瑠駆真が私に想いを寄せてくれているという事実を、知らないワケはないだろう。私という存在があるから、だから告白する事もできないという事なのだろうか。だとしたら、私の存在は彼女にとっては目障りなだけだ。
でも、コスプレの事もあるし、秘密をバラされる怖さは彼女も知っているだろうから、まさか彼女が私の気持ちを校内に広めたという事はないと思う。そもそも、その事実を彼女が知っているとは思えないし。
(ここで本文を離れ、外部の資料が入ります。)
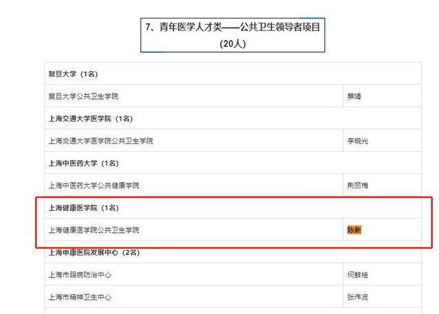 近日,由上海市卫生健康委员会、上海市医药卫生发展基金会共同审定,陈新等同志入选2020年上海市“医苑新星”青年医学人才培养资助计划-青年医学人才类公共卫生领导者项目。
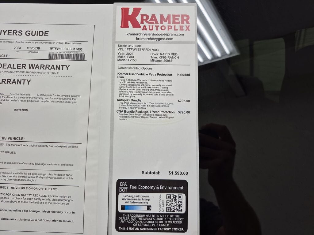 The leather seats in this Ford F-150 are a must for buyers looking for comfort, durability, and style. This vehicle is pure luxury with a heated steering wheel. The Ford F-150 offers Android Auto for seamless smartphone integration. The vehicle features a hands-free Bluetooth® phone system. This model has a clean CARFAX vehicle history report. This vehicle is a certified CARFAX 1-owner. An off-road package is installed on this 1/2 ton pickup so you are ready for your four-wheeling best. The Ford F-150 has automated speed control that adjusts to maintain a safe following distance, enhancing highway driving convenience. See what's behind you with the back up camera on this 2023 Ford F-150 . Start this Ford F-150 from inside with remote start. This vehicle offers Apple CarPlay for seamless connectivity. You'll never again be lost in a crowded city or a country region with the navigation system on it.
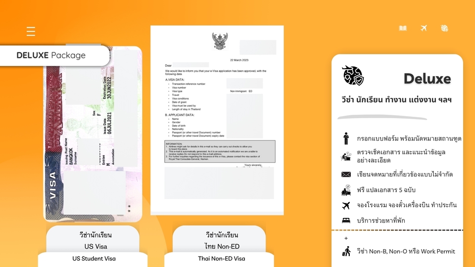 เปิดประสบการณ์บริการยื่นวีซ่า รับทำวีซ่า แบบครบวงจร รับจบครบที่เดียวด้วยการวางแผนการเดินทาง แปลเอกสารราชการ แปลเอกสารวีซ่า พร้อมพายื่นแม้ไม่มีเวลาเตรียมเอกสารก็รับวีซ่าได้อย่างไร้กังวล กับประสบการณ์ท่องเที่ยว ยื่นวีซ่า และอาศัยอยู่ต่างประเทศกว่า 5 ปี เราพร้อมที่จะให้คำปรึกษาเบื้องต้นฟรี และยินดีช่วยเหลือในทุกขั้นตอน 🎫 วีซ่าท่องเที่ยว | วีซ่านักเรียน | วีซ่าธุรกิจ | วีซ่าทำงาน | วีซ่าแต่งงาน | วีซ่าระยะยาว เราพรัอมใหับริการ! 🗺️ ครอบคลุมทุกมุมโลก รับทำวีซ่าเชงเก้น Schengen Visa วีซ่าอเมริกา วีซ่าอังกฤษ วีซ่ายุโรป วีซ่าออสเตรเลีย วีซ่านิวซีแลนด์ วีซ่าแคนาดา วีซ่าเกาหลี K-eta 🇹🇭วีซ่า Non-B วีซ่า Non-O และ Work Permit บริการรับยื่นวีซ่า - ครบเครื่องเรื่องเดินทาง 🛃 รับทำวีซ่า กรอกแบบฟอร์ม ยื่นวีซ่าแทน เขียนจดหมาย นัดหมายเวลา แปลเอกสารประกอบการยื่น Visa 🛣️ รับวางแผนการเดินทาง โปรแกรมเที่ยวประกอบวีซ่า ✈️ บริการจองตั๋วเครื่องบิน จองที่พัก Airbnb ⛑️ ประกันการเดินทาง เรารับแปลทุกเอกสาร พร้อมรับรอง 📌 รับแปลสูติบัตร รับแปลบัตรประชาชน รับแปลทะเบียนสมรส รับแปลโฉนดที่ดิน รับแปลหนังสือรับรองการจดทะเบียนบริษัทและห้างหุ้นส่วนจำกัด รับแปลทะเบียนการค้า รับแปลสำเนาทะเบียนบ้าน รับแปลทรานสคริปต์ รับแปลใบขับขี่ รับแปลหนังสือเปลี่ยนชื่อ-สกุล รับแปลทะเบียนรถ ขั้นตอนการทำงาน 1. ลูกค้าบรีฟรายละเอียดประเภทวีซ่า 2. จัดทำวีซ่า และจองรอบตามลูกค้าประสงค์
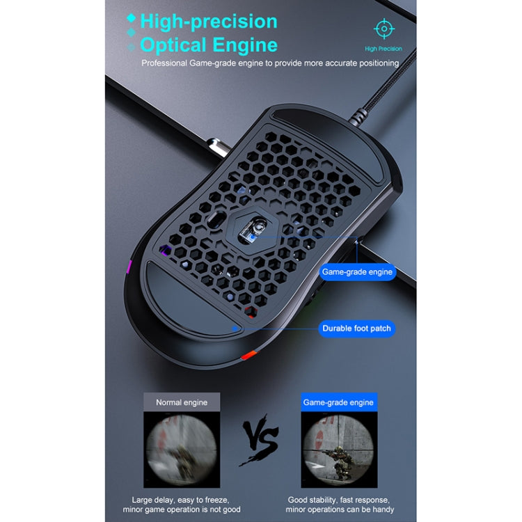 iMICE T60 7-key Custom Colorful Luminous Wired Honeycomb Gaming Mouse, Cable Length: 1.8m(Black)
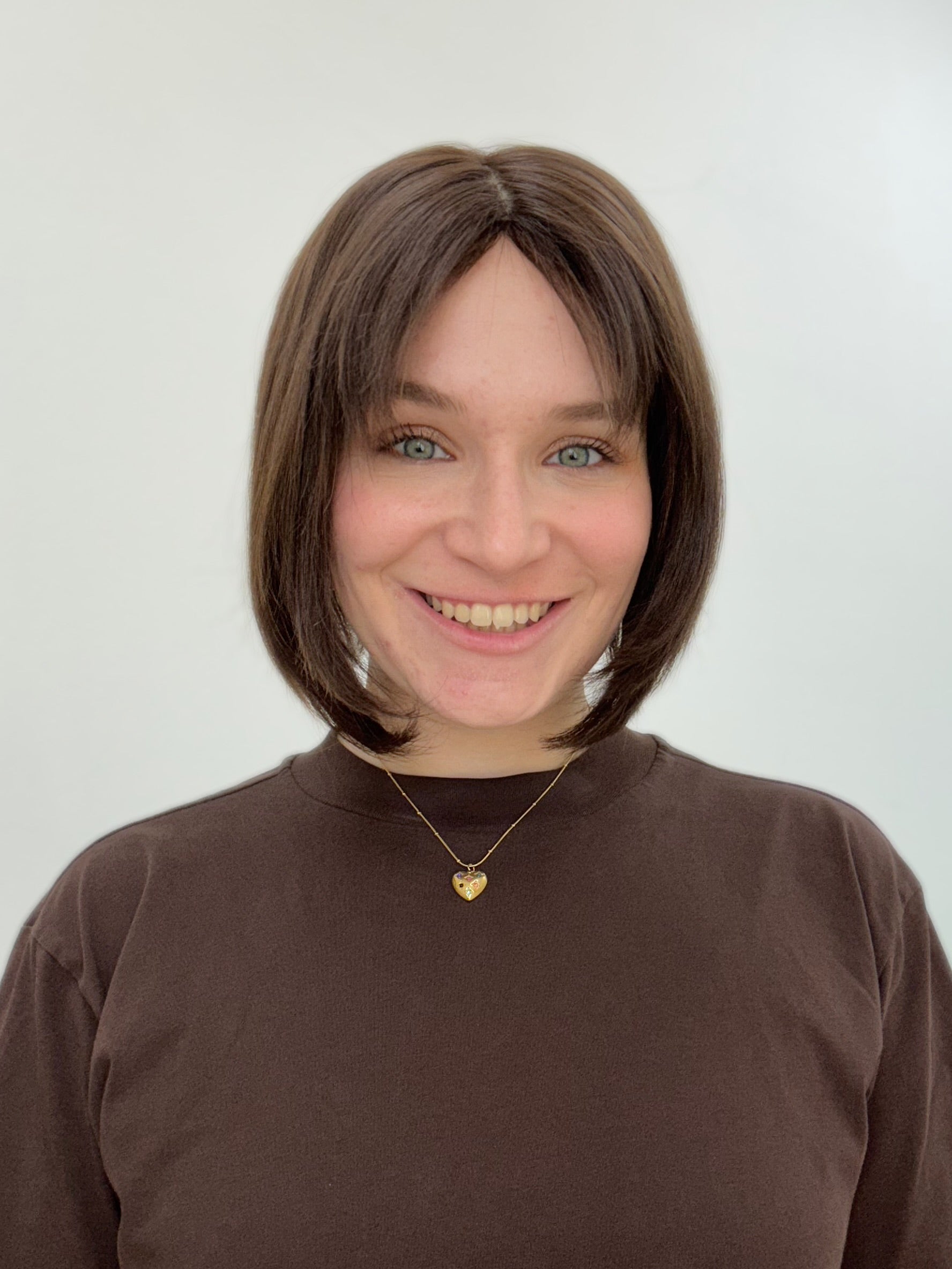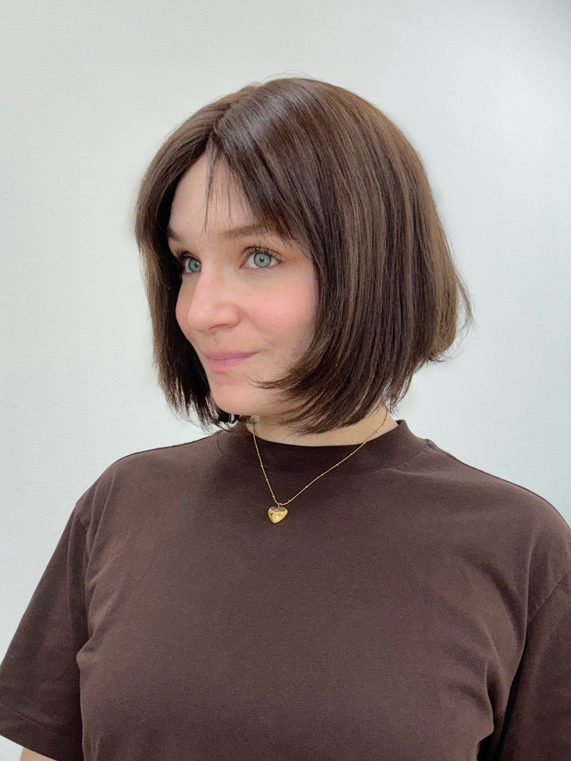 This adorable bob with bangs is an ideal choice for first-time topper wearers, especially those with shorter bio hair. The bangs minimize the need for blending, while the bob cut adds a fresh, energetic feel to the overall look.

でも、幸田さんは知っている。ひょっとして、幸田さんが金本緩に教えたとか?
いや、まさか。だいたい、金本緩と親しいのは幸田さんであって、霞流さんではないんだし。いや、でも。
疑念は膨らむ。
幸田さんに、確認してみた方がいいのだろうか?
そういえば、あの時二人で話していた、ゲームの衣装はどうなったのだろう? 出来上がったのだろうか?
「まぁいいや」
呟くような声にハッと顔をあげる。
「教えてくれないのなら、自分で聞くよ」
「聞く? 誰に?」
「決まってるだろ。金本緩にさ」
「どうやって?」
「簡単さ。美鶴と霞流の噂を流したのは君か? とね」
もし違ったら、金本緩はどう思うだろう。好きな人にあらぬ疑いなどを掛けられたら、彼女は、どう思うのだろう?
自分だったら、どう思うだろうか?
「私が、聞いてみるよ」
瑠駆真が瞳を大きくする。
「君が? どうして?」
「どうしてって、だって、これは私の問題だし」
「よほど、僕には知られたくない事情でもあるのか?」
「そんなんじゃない。ただ、この件は私の問題なんだから、そもそも瑠駆真が頭を突っ込む必要は無いんだよ」
「何度も言ってるだろう? 君がまた誰かに陥れられていないか、それが心配なだけであって」
「心配なんてしてくれなくてもいいっ」
強引に遮る。
「心配なんてしてもらったって、私には瑠駆真の気持ちは受け入れられない」
瑠駆真は、言葉に詰まる。
「別に、そんなつもりでは」
苦し紛れに答えるその声に、美鶴は言いようのない罪悪を感じた。
わかっている。瑠駆真には、そんな下心は無い。美鶴の気を惹きたくて心配をしているのではない。それはわかっているのだ。だけれども。
「ウザいんだよ」
なんて酷い言葉。
「迷惑なんだ」
なんて卑怯な言葉。そんな事言って瑠駆真を傷つけて、それが何になると言うのだ。開き直って悪者を演じて、それで瑠駆真を遠ざけようだなんて、そんな事、できるワケがないのに。
「本気で言ってるの?」
「本気だよ」
「だったら、僕の目を見て言ってごらん」
「お前の指図は受けない」
何をイラついているんだ? さっきまでは、智論さんと話をして、すごく気分が楽になったと思ったのに。もう自分は迷わない。絶対に霞流さんを振り向かせてみせる。そう胸に決意したはずなのに。
瑠駆真の視線が痛い。優しさが苦しい。あと何回、彼の好意を断らなければいけないのだろう。好きになってくださいだなんて、頼んだ覚えはないのに。
なんて贅沢。なんて我侭。わかっている。わかってるけど、どうしようもないんだ。